Below are 3 ways - the first is yours, then my two versions.
define br => '<br>'
local(start_time = micros)
loop(1000)=>{
var ('total' = 0);
loop(1000-1);
loop_count % 3 == 0 || loop_count % 5 == 0 ? $total += loop_count;
/loop;
$total;
}
'Avg (L8 code in 9): '+(micros - #start_time)/1000+' micros'
br
br
local(start_time = micros)
loop(1000)=>{
local(sum = 0)
loop(999)=>{ loop_count % 3 == 0 || loop_count % 5 == 0 ? #sum += loop_count }
#sum
}
'Avg (incremental improvement): '+(micros - #start_time)/1000+' micros'
br
br
local(start_time = micros)
loop(1000)=>{
local(sum = 0)
loop(999)=>{ not (loop_count % 3) || not(loop_count % 5) ? #sum += loop_count }
#sum
}
'Avg using boolean not: '+(micros - #start_time)/1000+' micros'
The output is:
Avg (L8 code in 9): 637 micros
Avg (incremental improvement): 595 micros
Avg using boolean not: 596 micros
Note that I didn't use "output" as it's redundant in many situations in 8 and completely redundant 9 :)
There is a fun story about how Gauss once summed numbers, which involves a strategy which can help to avoid the loop.
local('p' = 3);
local('q' = 5);
local('n' = 1000);
local('x' = integer);
local('before');
local('after');
#before = micros
loop(1000) => {
/* In the tradition of Gauss */
local('n2' = #n - 1)
local('pq' = #p * #q)
local('p2' = #n2 / #p)
local('q2' = #n2 / #q)
local('pq2' = #n2 / #pq)
local('p3' = (#p2 + 1) * (#p2 / 2) + (#p2 % 2 ? #p2 / 2 + 1 | 0))
local('q3' = (#q2 + 1) * (#q2 / 2) + (#q2 % 2 ? #q2 / 2 + 1 | 0))
local('pq3' = (#pq2 + 1) * (#pq2 / 2) + (#pq2 % 2 ? #pq2 / 2 + 1 | 0))
#x = #p * #p3 + #q * #q3 - #pq * #pq3
}
#after = micros
'Answer: ' + #x + '<br/>\n'
'Average time: ' + ((#after - #before) / 1000) + '<br/>\n'
/* Different numbers */
#p = 7
#q = 11
#before = micros
loop(1000) => {
/* In the tradition of Gauss */
local('n2' = #n - 1)
local('pq' = #p * #q)
local('p2' = #n2 / #p)
local('q2' = #n2 / #q)
local('pq2' = #n2 / #pq)
local('p3' = (#p2 + 1) * (#p2 / 2) + (#p2 % 2 ? #p2 / 2 + 1 | 0))
local('q3' = (#q2 + 1) * (#q2 / 2) + (#q2 % 2 ? #q2 / 2 + 1 | 0))
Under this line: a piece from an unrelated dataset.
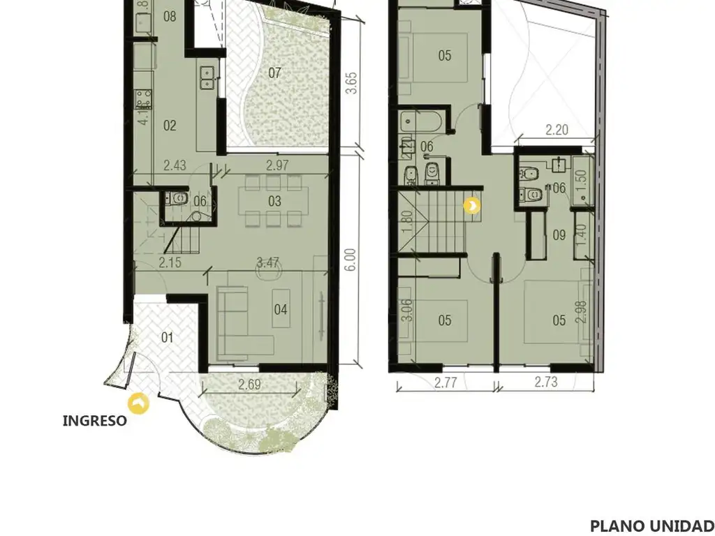 Viviendas tipo casa con ingreso independiente, estar-comedor, cocina, dormitorios según configuración y baños completos. Patio exclusivo al contra frente y al ingreso. Sector intimo en planta alta compuesto por 3 dormitorios. Suite principal con vestidor.

local('pq3' = (#pq2 + 1) * (#pq2 / 2) + (#pq2 % 2 ? #pq2 / 2 + 1 | 0))
#x = #p * #p3 + #q * #q3 - #pq * #pq3
}
#after = micros
'Answer: ' + #x + '<br/>\n'
'Average time: ' + ((#after - #before) / 1000) + '<br/>\n'
The output is:
Answer: 233168<br/>
Average time: 3<br/>
Answer: 110110<br/>
Average time: 2<br/>
Although the first time I ran it, that first average time was 18 instead of 3. Maybe Lasso is doing something smart for subsequent runs, or maybe it was just bad luck.
n = input number
x = (n-1)/3 = count of 3 divisible numbers.*
sum3 = (3*x*(x+1)) / 2 = sum of those numbers.**
y = (n-1)/5 = count of 5 divisible numbers.
sum5 = (5*y*(y+1)) / 2 = sum of those numbers.
half_Ans = sum3 + sum5
but 15, 30, 45... count twice (in both sum3 & sum5).
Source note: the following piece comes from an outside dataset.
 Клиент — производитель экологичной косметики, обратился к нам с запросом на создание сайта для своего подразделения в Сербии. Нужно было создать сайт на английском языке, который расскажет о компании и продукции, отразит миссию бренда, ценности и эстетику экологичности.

so remove it one time, so only they count once.
z = (n-1)/15 = count of 15 divisible numbers.
sum15 = (15*z*(z+1)) / 2 = sum of those numbers.
Answer = half_Ans - sum15
* => (n-1)/3 gives count of 3 divisible numbers.
if n = 100 we need to count of (3, 6, 9, ..., 99)
3 is 1st, 6 is 2nd, .... so on 99 is 33rd
so total count of those number is gain by last number / 3
last number is near to our input n (specifically less than input n)
if n = 99 we must not count 99, because statement is "find the sum of all the multiples of 3 or 5 below n".
so w/o subtract 1 last unwanted number also count, if n is divisible by 3.
** => (3*x*(x+1)) / 2 gives sum of those numbers
if n = 100 sum id 3 + 6 + 9 + ... + 99
all component are multiple of 3.
so 3 + 6 + 9 + ... + 99 = 3*(1 + 2 + 3 + ... + 33)
sum of 1 to m is (m*(m+1)) / 2
so 3 + 6 + 9 + ... + 99 = (3*33*(33+1)) / 2
here m for 1 to m is last number or total number of that sequence
or length of sequence that's why we find count of divisible numbers.